A systematic Benchmarking on the performance of Spark-SQL for processing Vast RDF datasets
We start by discussing the descriptive analysis by discussing the average query runtimes figures for the benchmark queries. We further follow these descriptive results with respective diagnosis analysis for answering the ‘why?’ question for those results.
SP2Bench Querie Averge runtime figures can be seen in this link.
From the figures, we can observe that queries Q1,Q3,Q10, and Q11 are the least impactful queries (i.e., have the lowest running times). Thus, we call these queries short-running queries. On the other hand, queries Q2,Q4, and Q8 have the longest runtimes. The remaining queries Q5, Q6 ,Q7,and Q9 are medium-running queries.
In the following, we focus our analysis on the longest running queries, as they may hide interesting insights about the approach limitations.
The previous observation is only valid with neglecting the bad performance of the CSV and Avro in the ST schema. However, it gives a clear answer of the impact of storage impact on our observations.
Moving to the diagnostic analysis, we try to explain the previous observations by analyzing the query complexity (Shown in the table here) and using our knowledge about Spark and the experimental dimensions, i.e. relational schema, partitioning techniques, storage backends. We try to provide diagnostic analysis concerning these dimensions rather than investigating each single query result.
Regarding the relational schema comparison, we can bserve that the ST schema is mostly the worst performing schema. Indeed, the ST schema is the one that requires the maximum number of self-joins (see the query complexity table, ST-SQL column). Moreover, ST schema single table is the largest table even after partitioning.
Whereas, the VT schema is mostly the best performing schema, specially when we scale up to higher datasets. The reason behind this is that VT tables tend to be smaller than other relational schema tables. Thus, Spark query joins have smaller intermediate results in the shuffle operations. In addition, VT tends to be more and more efficient with queries with small number of joins (i.e. BGB triple patterns).

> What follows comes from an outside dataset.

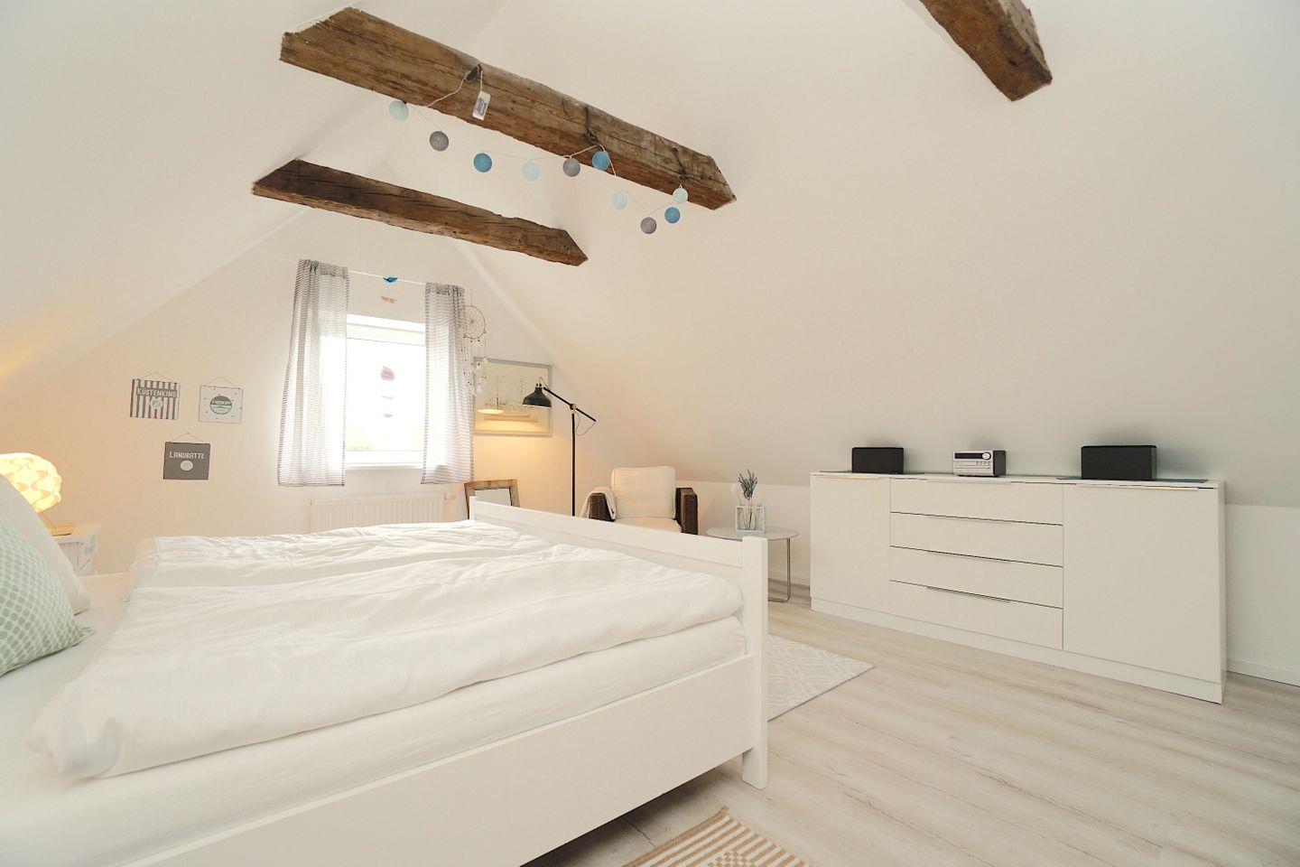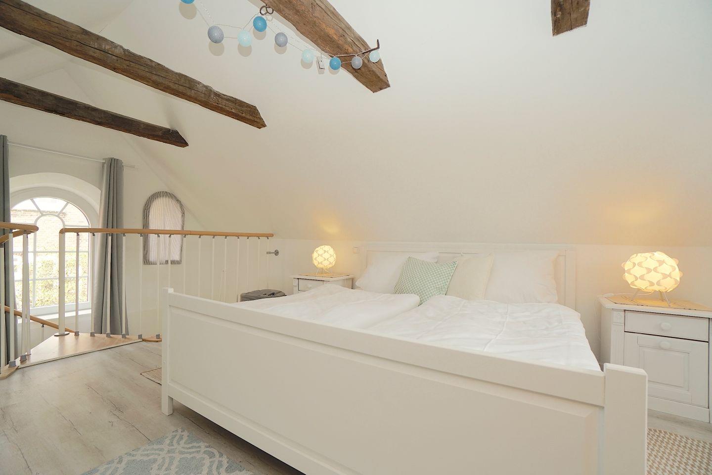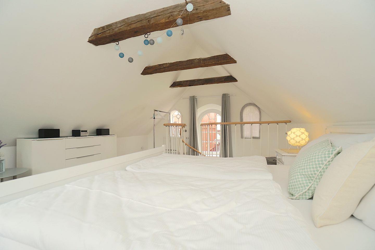 Über eine schmale Wendeltreppe gelangt man in das Obergeschoss der Maisonettewohnung in dem sich, unter den alten Balken der Tischerlei, das Schlafzimmer befindet.

While, the PT schema is yet a strong competitor to the VT schema, since it is the schema that requires the minimum number of joins while translating SPARQL into SQL. Indeed, PT in the single machine experiments achieved the highest ranks in the majority of query executions. However, scaling up the experiment sizes, PT schema starts to incur larger intermediate results with higher shuffling costs that degrade its performance. Moreover, partitioning PT schema over Predicate (PBP) or Horizontally (HP) gives a negative effect on the PT schema performance, especially with SP2Bench query set that is highly ‘subject’-oriented. We specify this with the reasoning about the impact of partitioning in our experiments.
Regarding the partitioning techniques comparison, in general, the Subject-based partitioning approach tends to considerably outperform its other partitioning opponents. Particularly, it directly outperforms the HP approach, leaving the PBP technique in the worst rank. The reason behind this is that most of the queries in SP2Bench are on shape of ‘Star’ or ‘Snowflake’ which are mostly oriented to the RDF subject as the joining key. Indeed, partitioning by subject allocates the triples with the same subject on the same machine reducing data shuffling to the minimum, and maximizing the level of parallelism by all workers.
Whereas, this is not satisfied in the Horizontal-based approach, as it splits the tables and only cares about distributing them in a balanced way as much as possible regardless grouping of the rows of the same subject on the same machine.
Finally, the predicate-based approach presents the highest degree of shuffling while joins are run by Spark-SQL in most of the SP2Bench. Therefore, Predicate-based technique are not recommended when evaluating ‘subject-oriented’ queries. Moreover, Predicate-based partitioning is the most unbalanced load partitioning technique with the highest data skewness. Since our SP2Bench RDF datasets have some predicates with few triples/table entries (i.e. subClassOf), while others have the most portions of the RDF graph (i.e. creator, type, and homepage). Hence, this unbalanced nature leads to stragglers and inefficient join implementations in Spark-SQL.
What we observed is that, columnar file formats of HDFS storage backend are outperforming the others. In particular, ORC is the best performing storage format followed by Parquet. While Hive directly follows them.
Whereas, Avro and CSV file formats of HDFS are the worst-performing backends. Interestingly, we can observe that Avro outperforms the other storage formats in the PBP partitioning technique.
The reason behind these results is that, most of the SP2Bench queries are with a small number of projections as shown in complexity table menioned above. Thus, columnar file storage backends perform better since they have to scan only a subset of the columns with filtering out unnecessary columns for the query. Hive is consistently following them. On the other side, the textual uncompressed \textit{CSV} and the \textit{row-oriented} Avro file formats are shown to have the lowest performing storage options, respectively.